On voit aussi une tendance à contrôler les outils de communication. Les révélations d'E. Snowden montrent que la NSA consacre 250 milliards de dollars par an au programme Bullrun pour saboter les technologies de sécurisation de l'internet (protocoles et dispositifs physiques de chiffrement, routeurs, systèmes d'exploitation grand public...). De plus, depuis une quinzaine d'années, les logiciels fermés se multiplient, de même que les matériels fermés (dont on ne peut même pas enlever la batterie pour s'assurer qu'ils ne sont plus connectés aux réseaux), et les plateformes hypercentralisées dont le modèle économique est de savoir tout sur tous tout le temps. Et tout cela ne profite qu'à un seul pays, dont les facultés de surveillance sont utilisées pour pratiquer l'espionnage à échelle industrielle.
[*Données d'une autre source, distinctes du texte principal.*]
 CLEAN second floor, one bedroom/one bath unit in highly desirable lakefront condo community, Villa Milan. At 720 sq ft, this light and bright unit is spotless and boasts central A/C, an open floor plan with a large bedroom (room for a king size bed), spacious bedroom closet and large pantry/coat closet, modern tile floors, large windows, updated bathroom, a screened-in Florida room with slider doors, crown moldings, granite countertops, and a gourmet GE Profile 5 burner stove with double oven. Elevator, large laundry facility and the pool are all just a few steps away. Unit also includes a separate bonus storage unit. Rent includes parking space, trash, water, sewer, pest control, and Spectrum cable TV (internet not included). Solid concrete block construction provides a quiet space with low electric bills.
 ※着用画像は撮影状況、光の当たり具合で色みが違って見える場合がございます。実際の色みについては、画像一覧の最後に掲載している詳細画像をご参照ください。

Selon une étude récente de la New America Foundation, seuls 3 % des attentats terroristes ont été déjoué grâce à cette surveillance de masse.
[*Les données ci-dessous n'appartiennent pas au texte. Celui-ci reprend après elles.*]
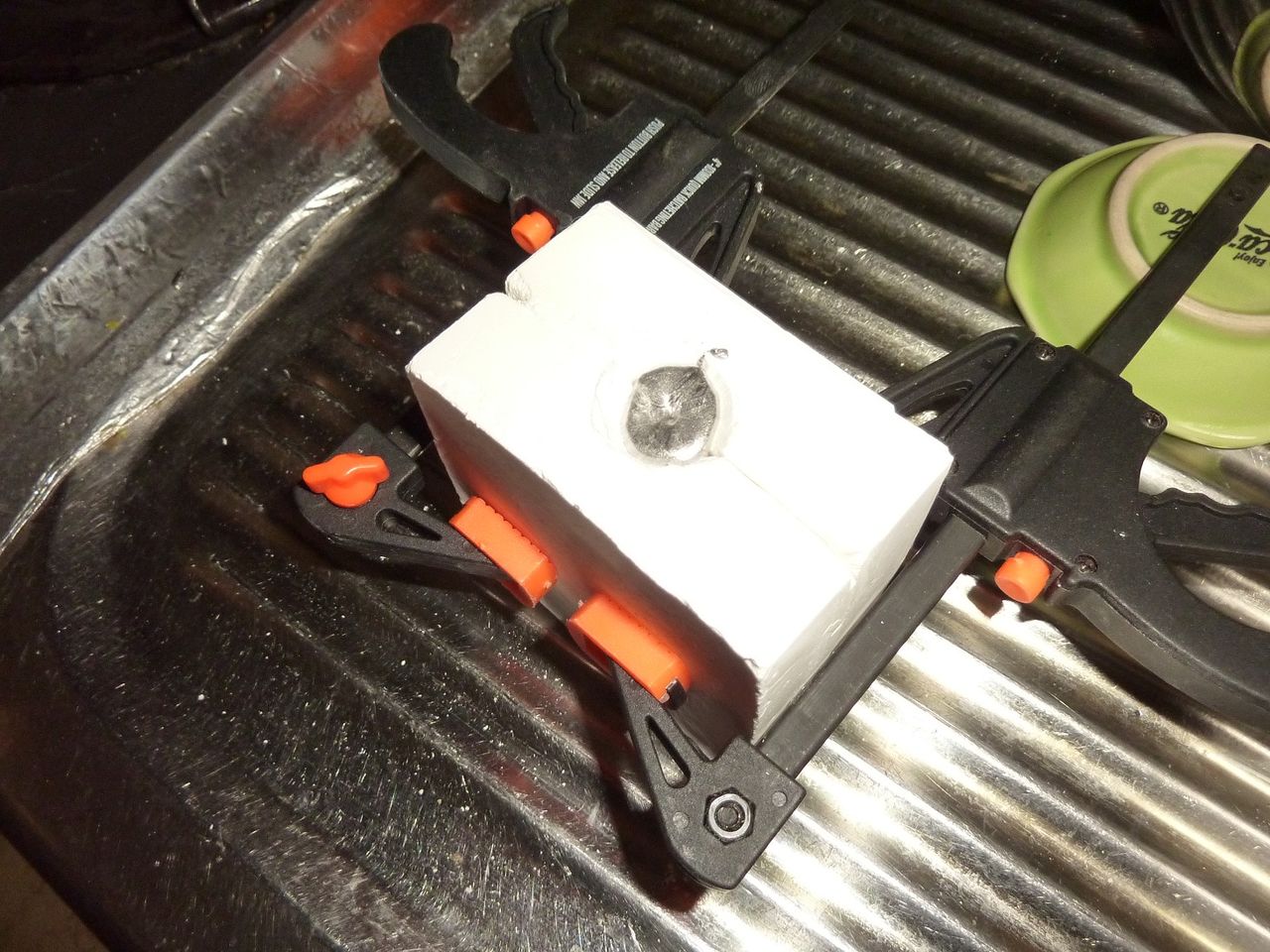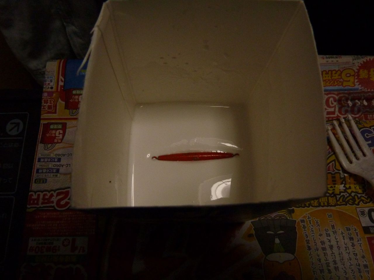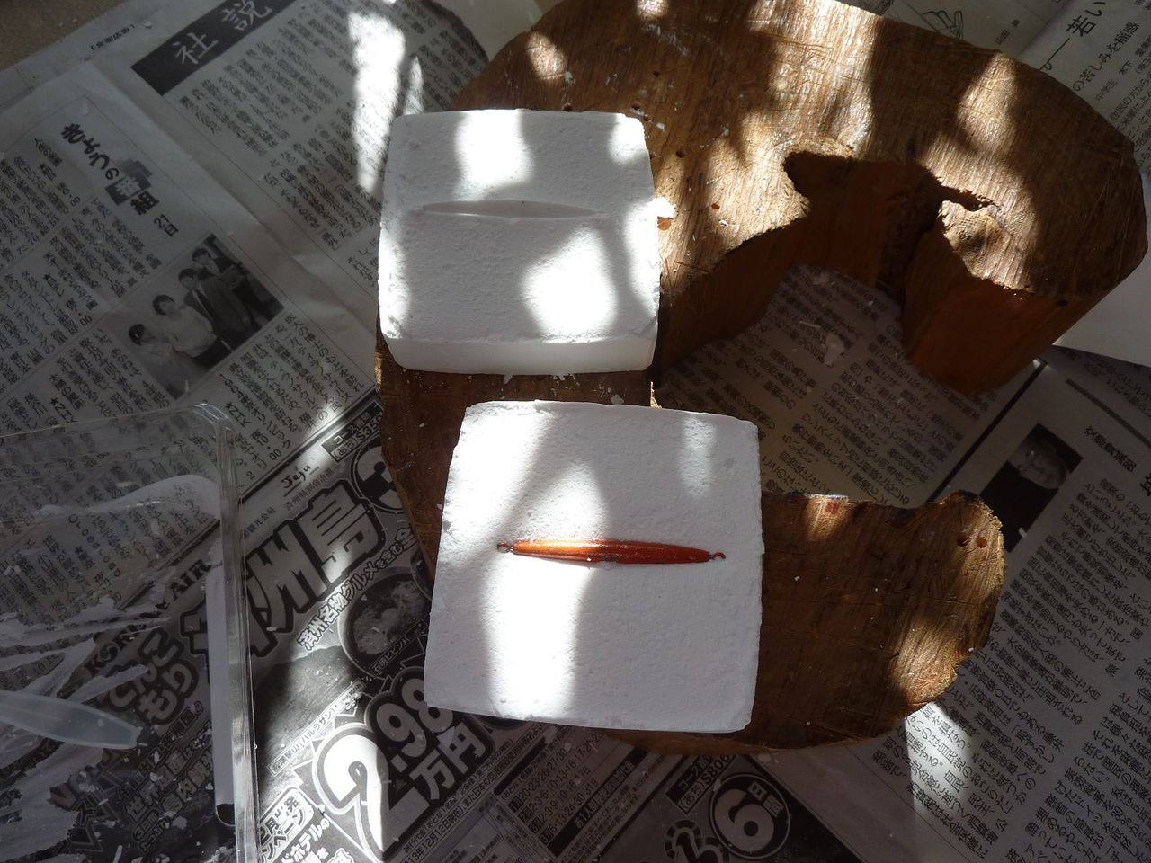 写真を見て頂ければ判ると思いますが紙パックの中で元のオモリの型を石膏で取ります。

Cette tendance à orienter les technologies pour plus de contrôle a eu un impact profond et silencieux jusqu'aux révélations l'an dernier d'E. Snowden. Il faut donc en finir avec le mythe du multi-acteurs et se concentrer sur les valeurs universelles à défendre sans compromis : libertés fondamentales, universalité de l'accès et de la capacité de participation, ouverture et maîtrise des technologies par les citoyens (logiciel libre, infrastructures décentralisées, chiffrement point à point), partage des connaissances... Sur ce fondement, le politique peut prendre des décisions et guider les comportements.
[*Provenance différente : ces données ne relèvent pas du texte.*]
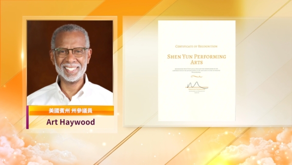 美國賓州州參議員Art Haywood 給神韻藝術團頒發了褒獎:表彰神韻對大費城地區文化藝術發展的重大貢獻。
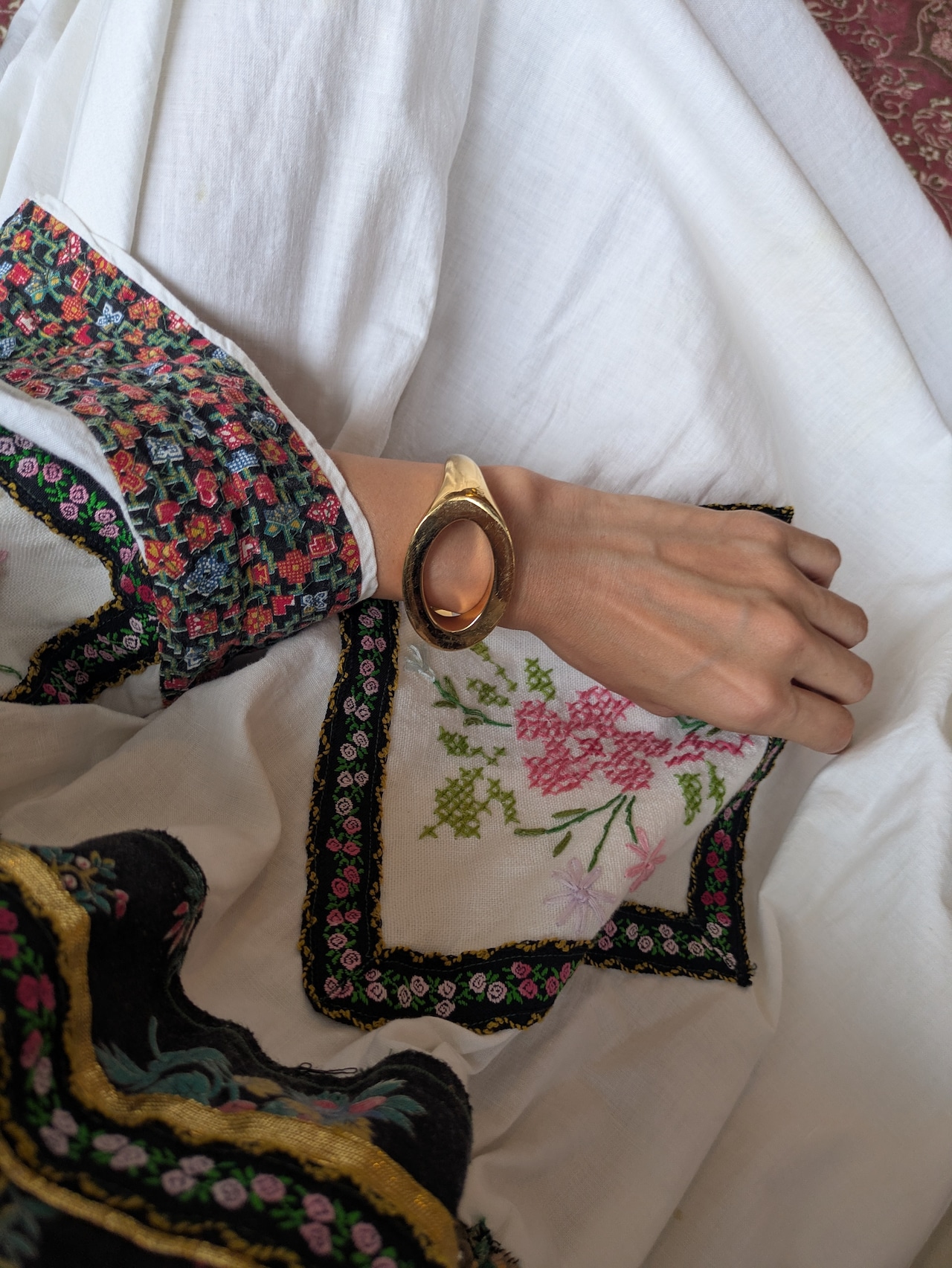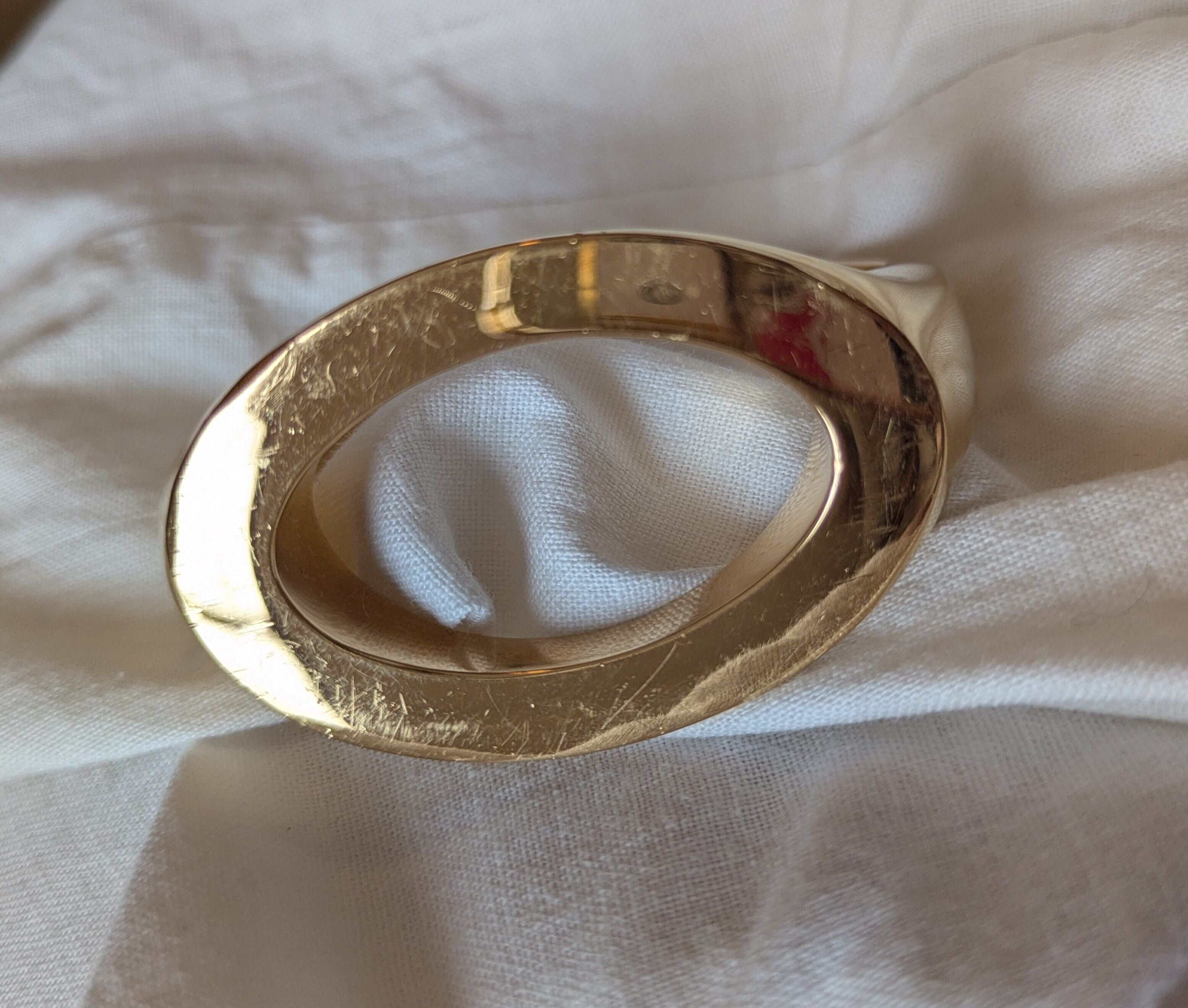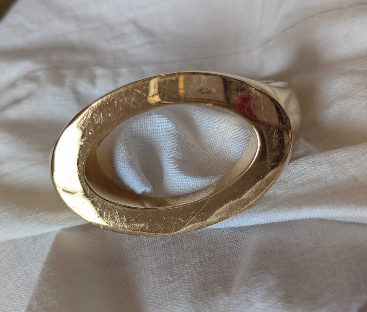 シンプルでありながらも重量感とインパクトのあるゴールドのバングルは、どんなスタイルにもエレガントなアクセントを加えてくれます。日常使いはもちろん、特別なイベントやお出かけにも最適です。
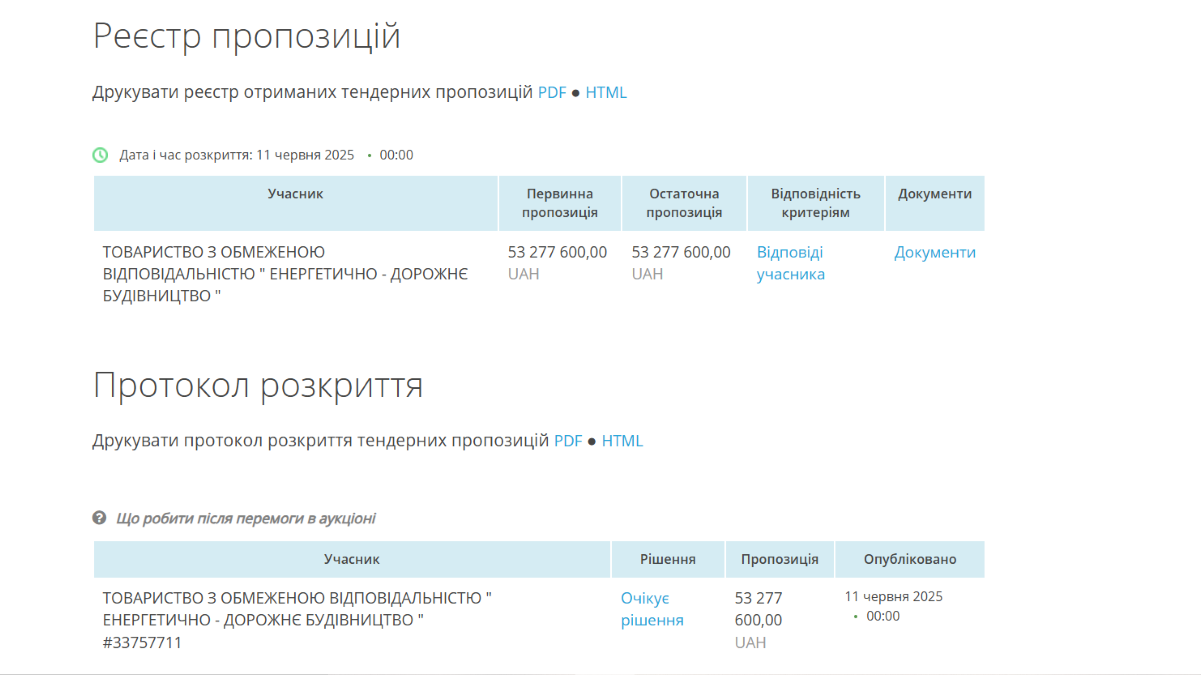 Пропозиції від учасників приймали до 11 червня, і на цей же день було заплановано аукціони. У двох закупівлях — на 12,6 та 28,9 мільйона гривень — змагались компанії "Автомагістраль-Південь" і "Енергетично-дорожнє будівництво".

La gouvernance de l'internet ne peut qu'être l'affaire des internautes et des « trustees », qui sont des dépositaires de confiance et dont on peut se demander s'ils sont des acteurs privés ou publics et s'ils doivent interagir. Nous devons défendre l'internet comme le bien commun de ses utilisateurs : ce sont eux les « stakeholders » qui doivent être au centre, sous peine de transformer internet en instrument de contrôle.